WORK INSTRUCTIONS
Leave out every picture, and restate word for word only the lines from the one containing "월명산 사명산 갈림길 삼거리 이정목 12:22" through the end of the material.

══ DATASET CONTENT ══

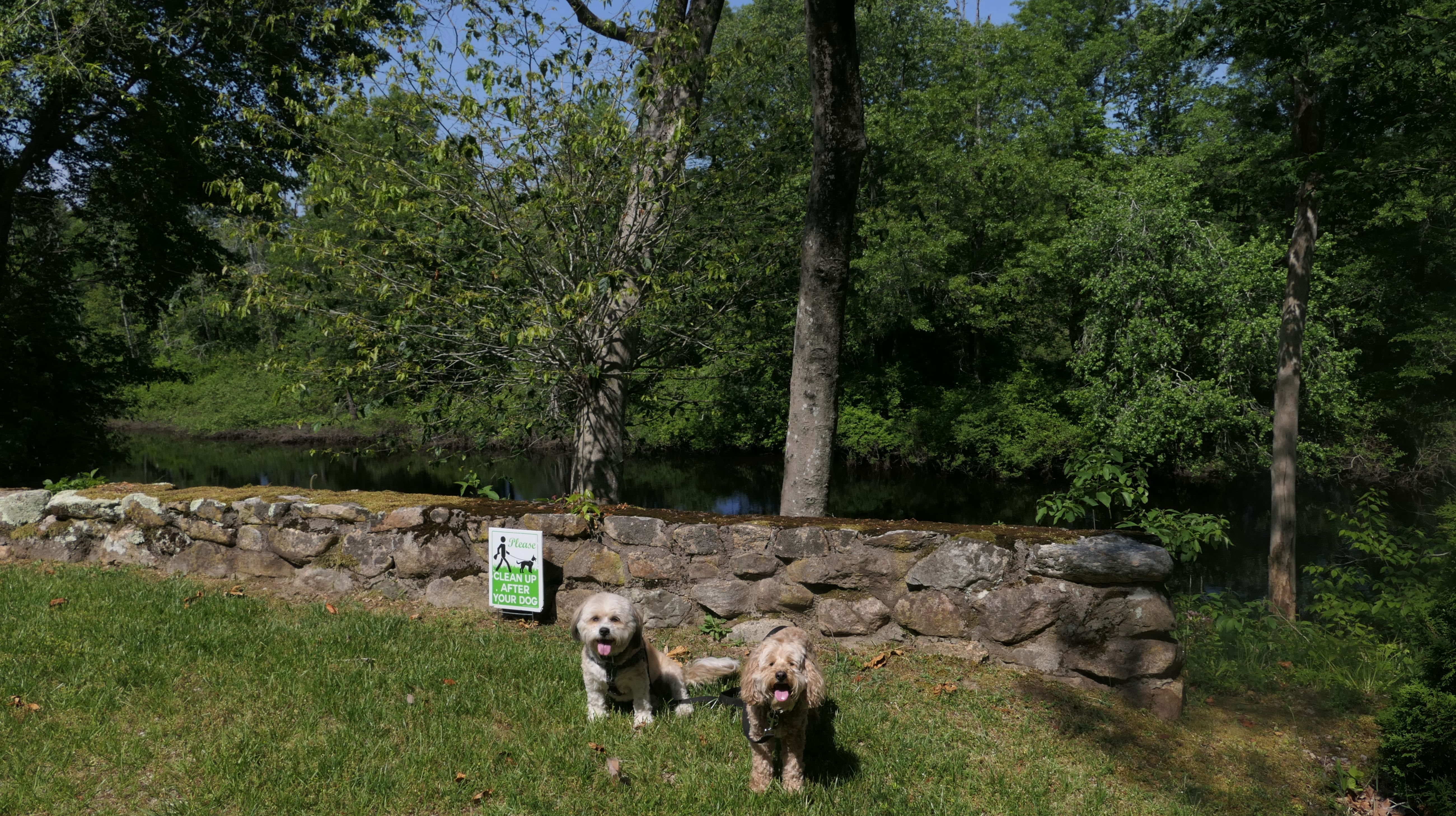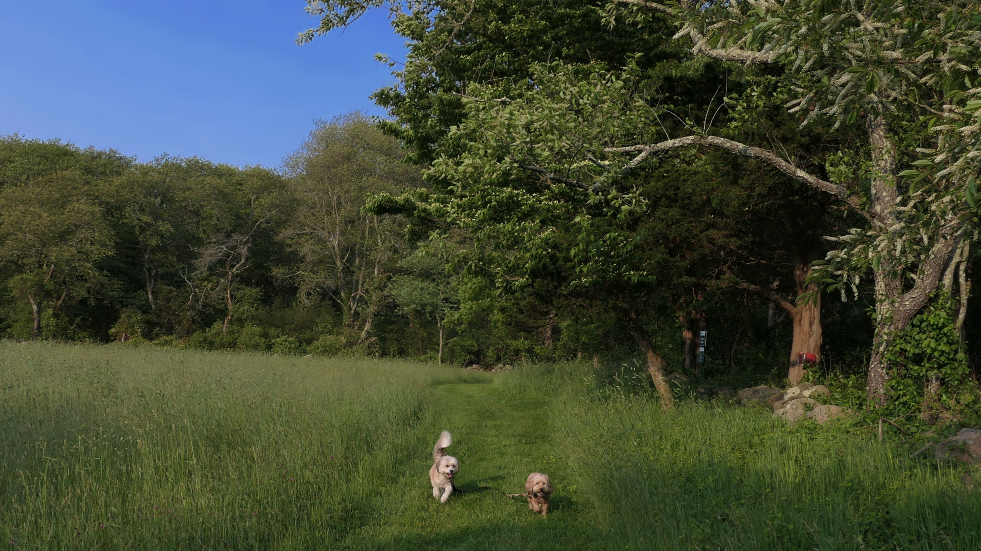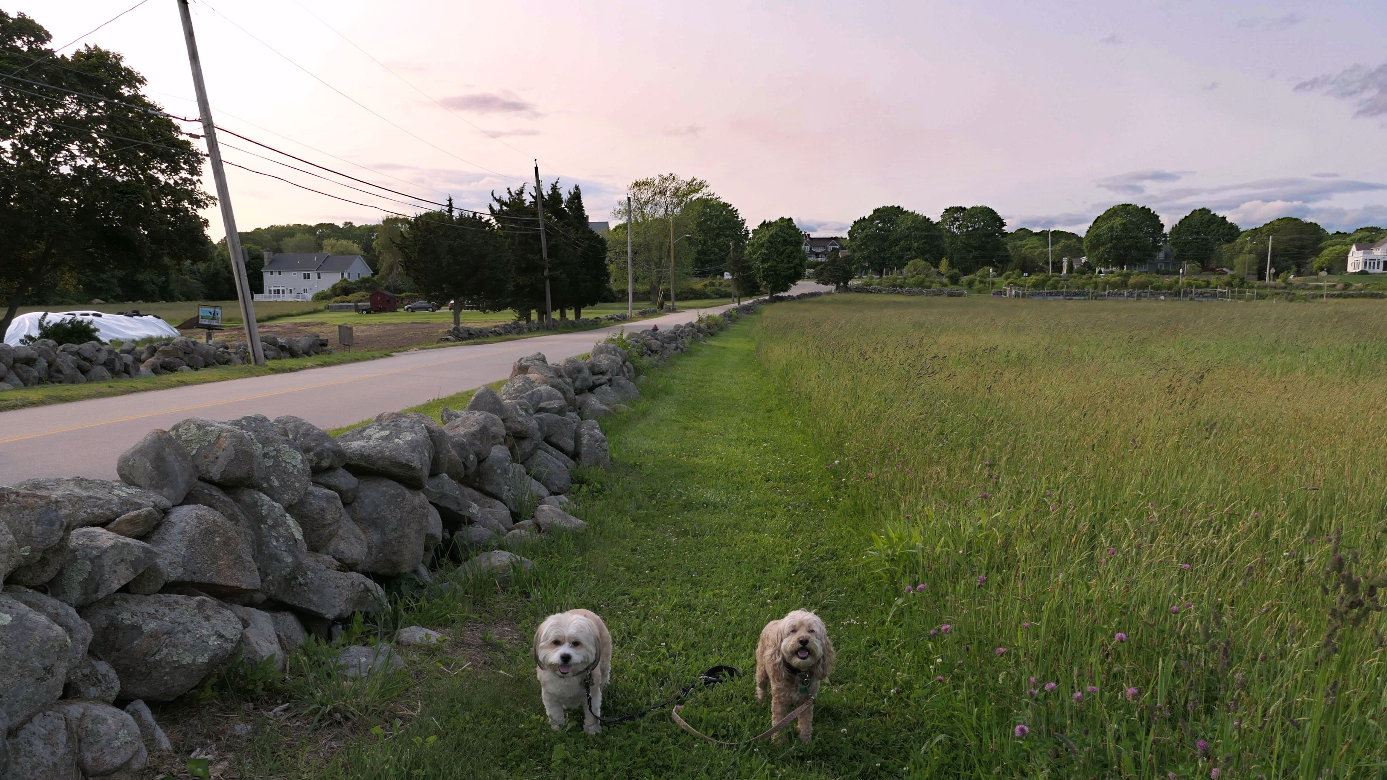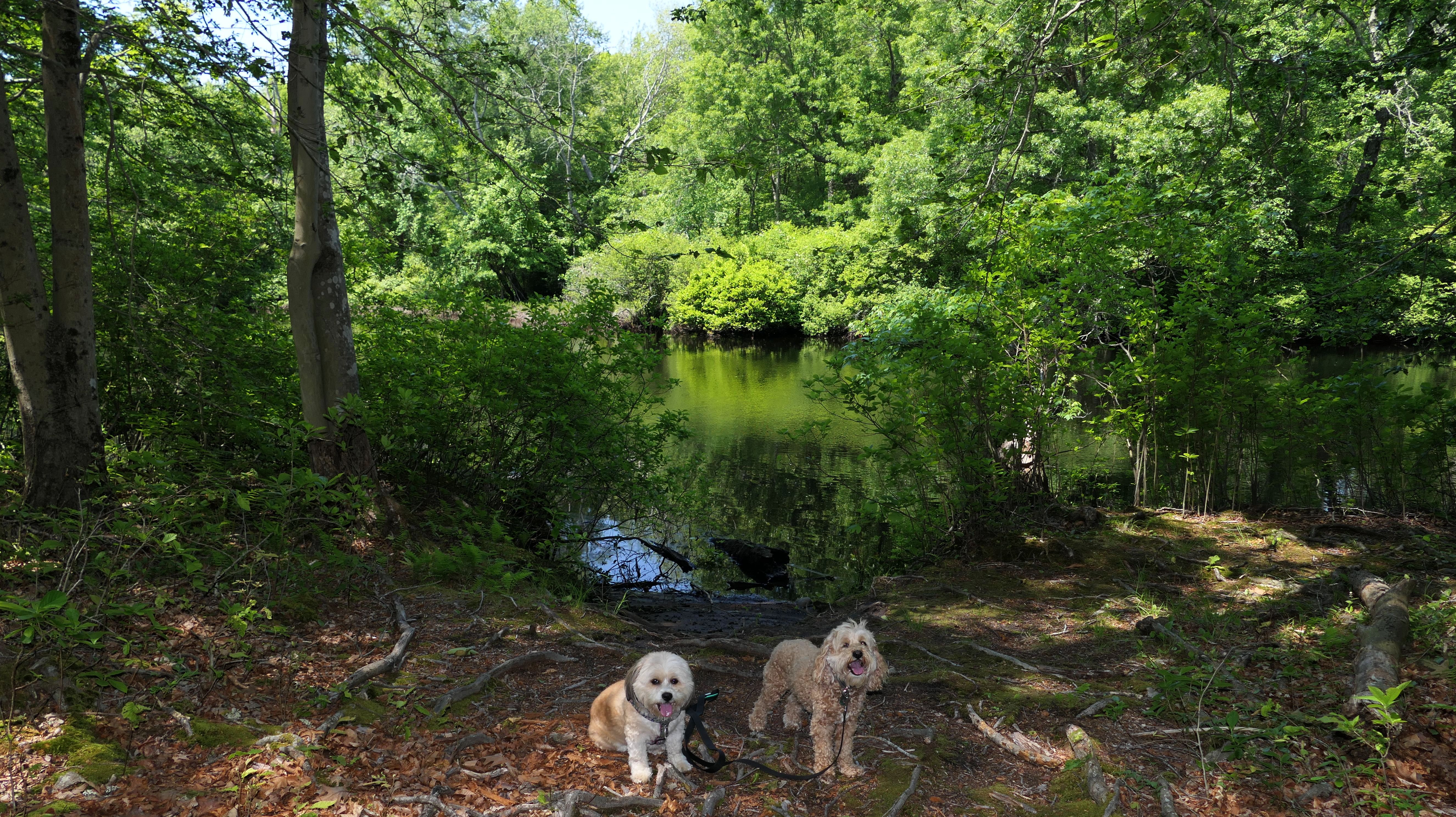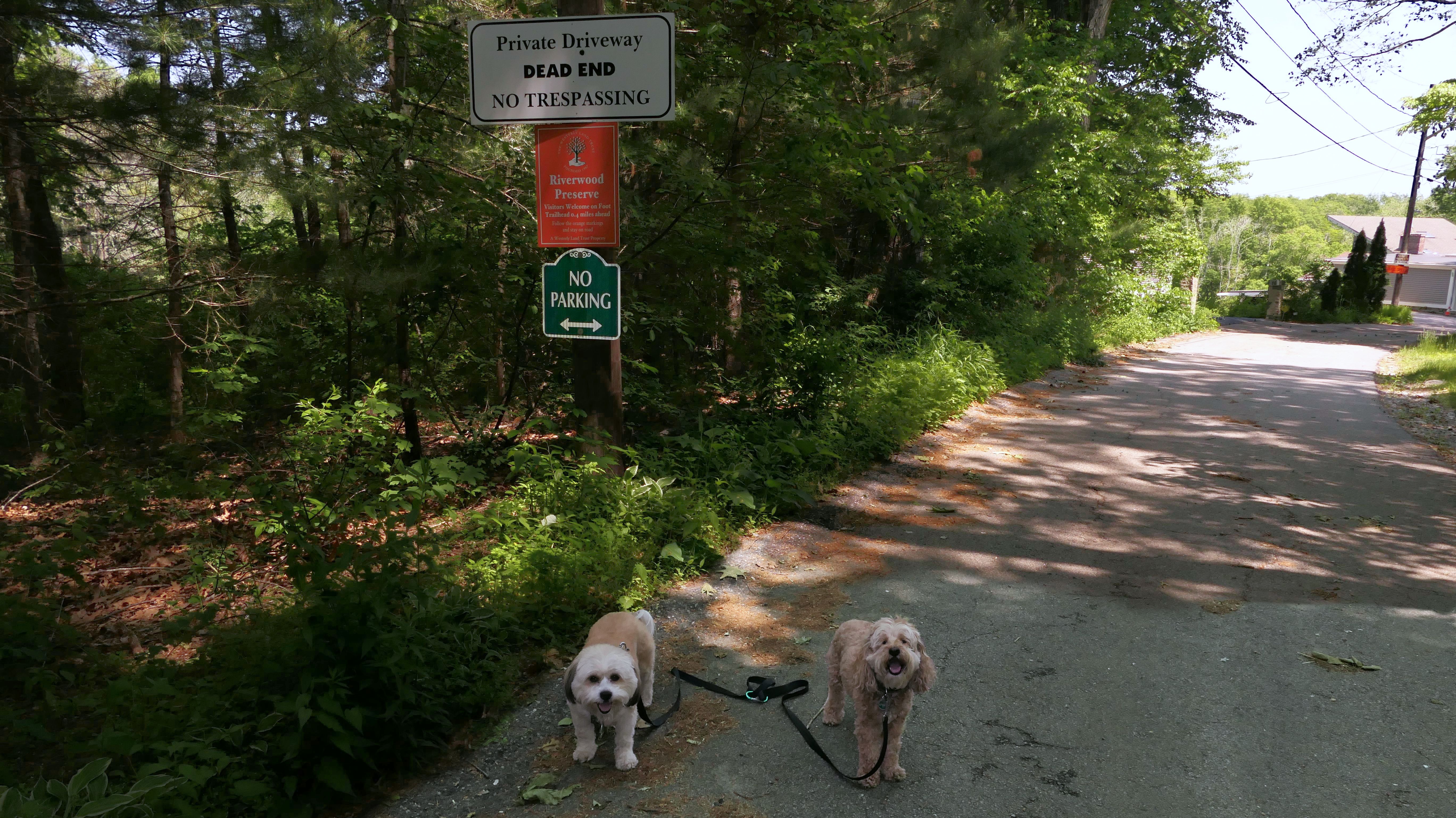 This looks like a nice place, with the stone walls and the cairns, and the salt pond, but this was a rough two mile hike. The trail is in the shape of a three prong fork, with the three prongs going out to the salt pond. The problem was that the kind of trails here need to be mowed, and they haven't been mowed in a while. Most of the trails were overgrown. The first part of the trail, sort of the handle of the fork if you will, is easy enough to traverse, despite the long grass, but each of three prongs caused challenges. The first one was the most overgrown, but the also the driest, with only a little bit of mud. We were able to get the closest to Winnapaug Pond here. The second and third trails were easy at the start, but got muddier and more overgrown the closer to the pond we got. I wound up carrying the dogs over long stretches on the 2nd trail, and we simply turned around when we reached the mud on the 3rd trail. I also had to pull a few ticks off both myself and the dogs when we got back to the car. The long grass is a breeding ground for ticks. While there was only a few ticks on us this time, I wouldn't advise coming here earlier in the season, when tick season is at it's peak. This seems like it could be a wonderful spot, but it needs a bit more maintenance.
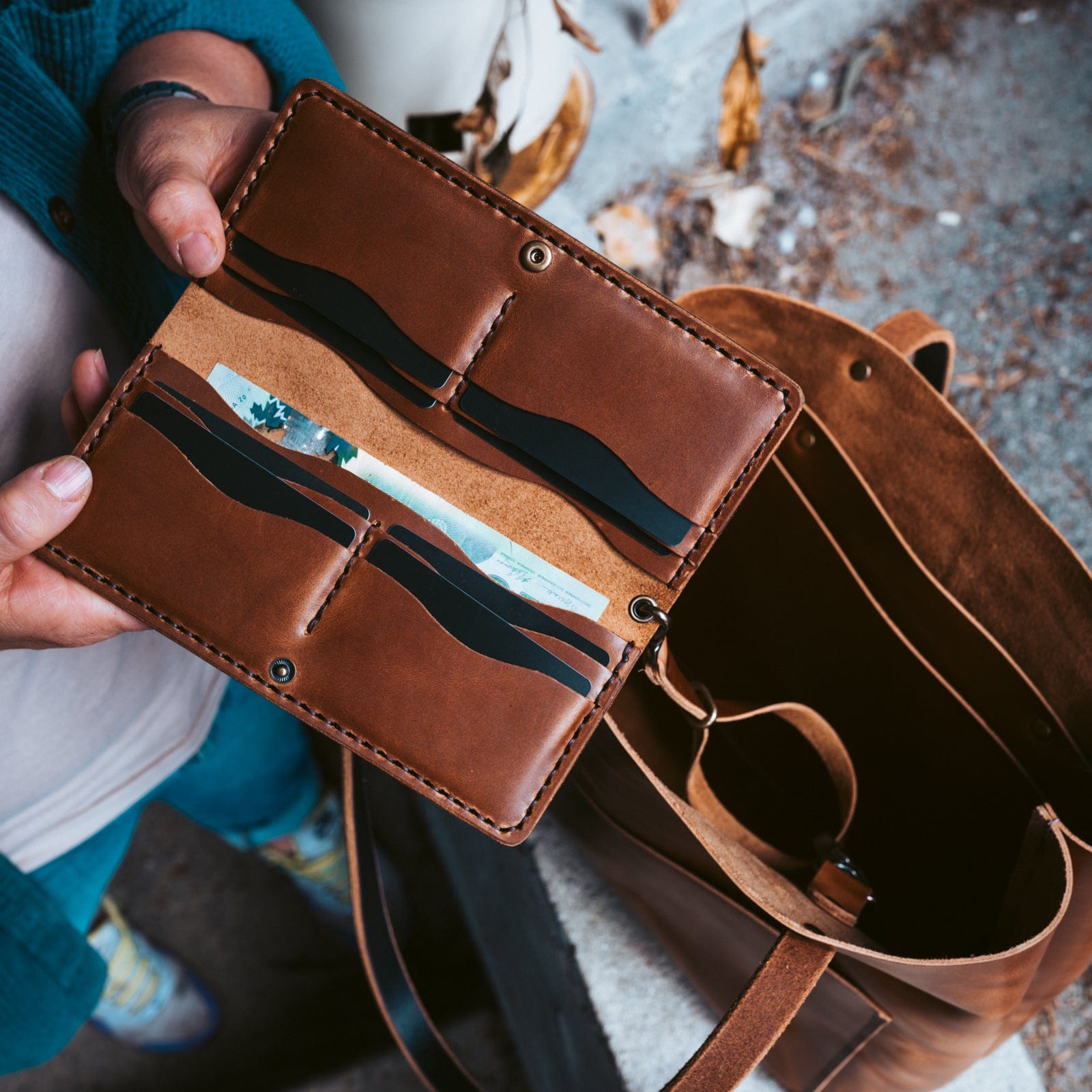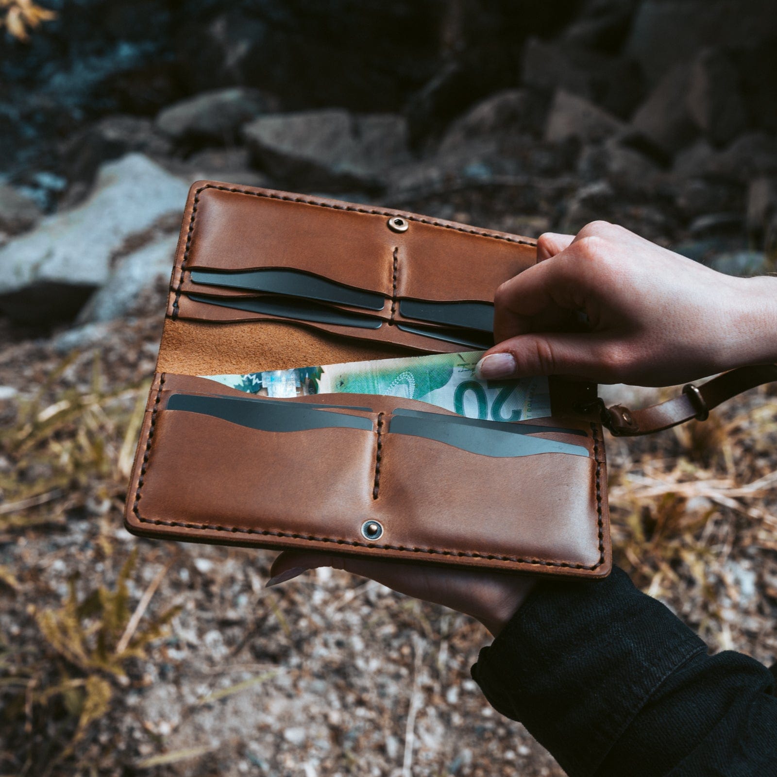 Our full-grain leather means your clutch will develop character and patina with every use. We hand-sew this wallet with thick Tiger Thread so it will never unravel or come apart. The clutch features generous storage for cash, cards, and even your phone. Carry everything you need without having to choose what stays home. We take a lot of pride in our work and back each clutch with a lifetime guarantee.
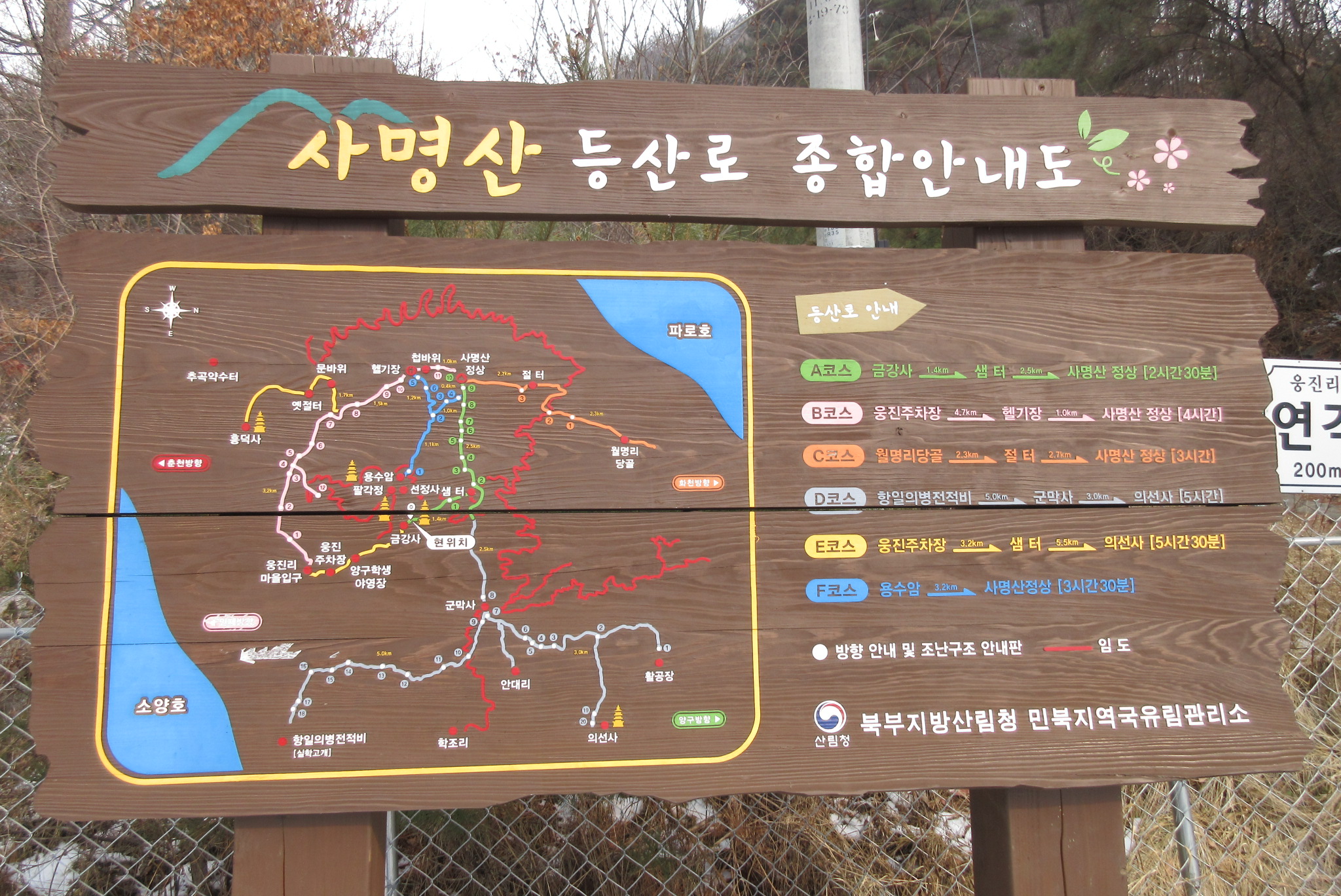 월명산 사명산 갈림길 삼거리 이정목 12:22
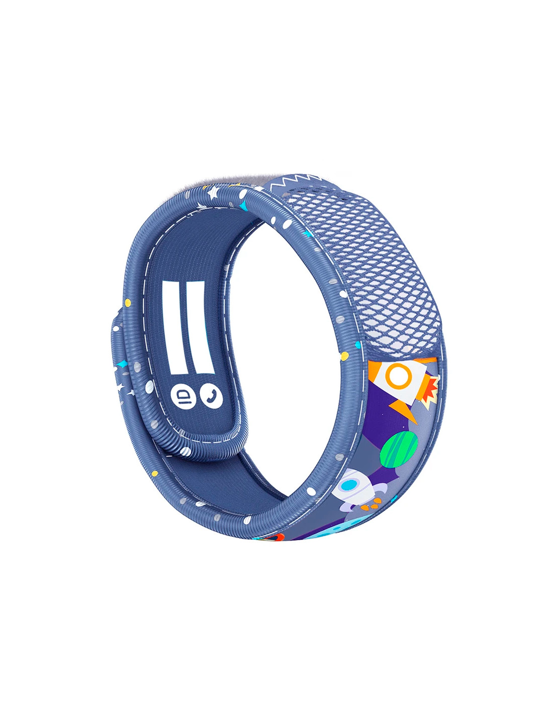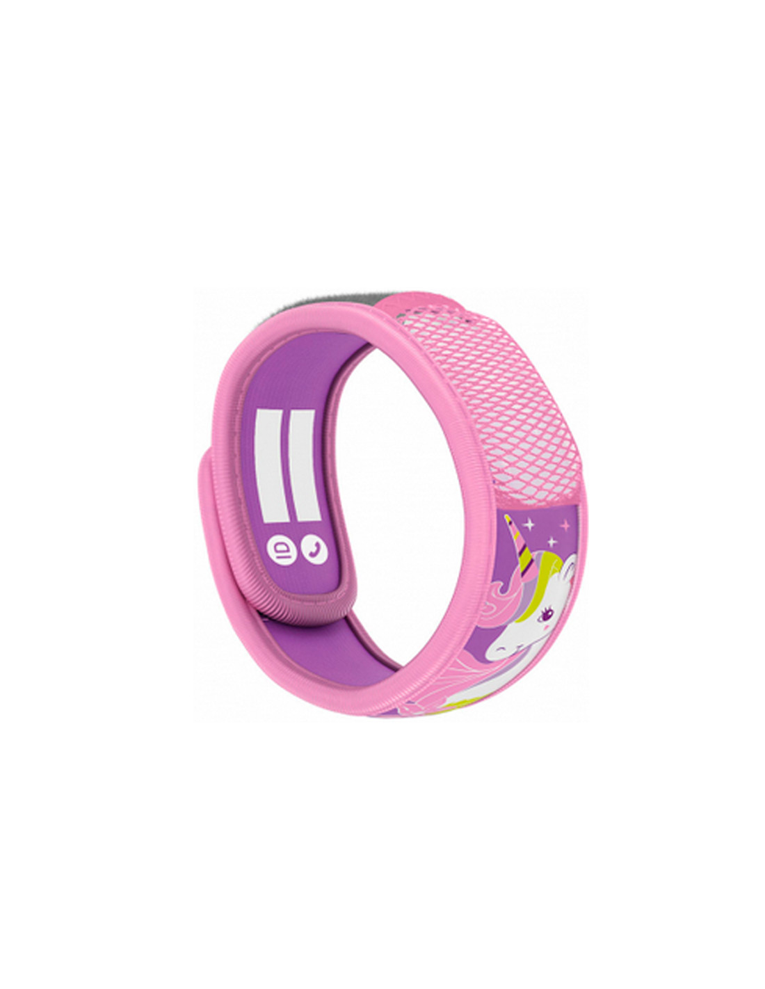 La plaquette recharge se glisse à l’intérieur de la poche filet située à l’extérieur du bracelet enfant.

═══

ANSWER TO THIS PROBLEM
 월명산 사명산 갈림길 삼거리 이정목 12:22
 La plaquette recharge se glisse à l’intérieur de la poche filet située à l’extérieur du bracelet enfant.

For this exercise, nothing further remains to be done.